Wall Street has struggled to lift earnings in part due to the heavier regulations that came following the financial crisis.
But advocates of the laws have argued that its necessary: requiring banks to hold more capital and participate in annual stress tests lowers the likelihood that a financial institution takes the economy down with it should it fall.
Yet, even with the Dodd-Frank Act breathing down their necks, big banks are no less risky than before, former Treasury secretary Larry Summers and Harvard Ph.D. candidate in economics, Natasha Sarin, wrote in a Thursday paper for the Brooking Institute.
"To our surprise, we find that financial market information provides little support for the view that major institutions are significantly safer than they were before the crisis and some support for the notion that risks have actually increased," the authors wrote.
In fact, regulations such as higher capital requirements in tandem with low interest rates have helped keep the bank's risky—if not riskier than before.
"We believe that the main reason for our findings is that regulatory measures that have increased safety have been offset by a dramatic decline in the franchise value of major financial institutions, caused at least in part by these new regulations," the authors wrote.

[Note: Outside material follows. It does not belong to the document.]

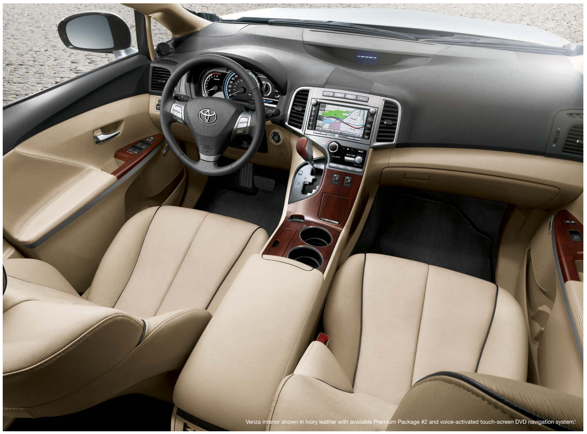
1. See footnote 7 Disclaimers section.
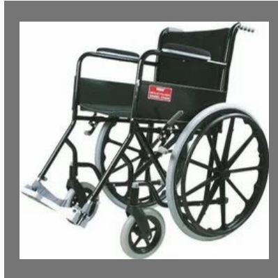
Vissco Black Magic Wheelchairs (P.C.no.0983)

If a bank has more capital on hand, then it is less risky. So the bank's value should be less volatile, while the expected return on bank debt, yields from preferred stock and common stock should also be lower.
But Sarin and Summers found that both volatility and expected returns had increased post-crisis, based on an analysis involving the U.S.'s 6 largest banks and 50 largest around the world.
According to the paper, the safer a bank is, the less likely its value or stock price will hit zero. But banks have experienced sharply lower market valuations, and a lower ratio of equity to total assets, which measures the percent of the company's assets would go to investors in the event of a bankruptcy.
And that is risky for banks, because a lower equity to asset ratio also means that failure would require a lower threshold of asset losses.
Summers is most well known for being the Treasury secretary under the Clinton administration who advocated for financial deregulation in the 90s. But the authors note: "Our results do not call into question the desirability of the increases in capital that have been mandated by post-crisis regulations. But they do counsel against complacency and highlight future policy challenges."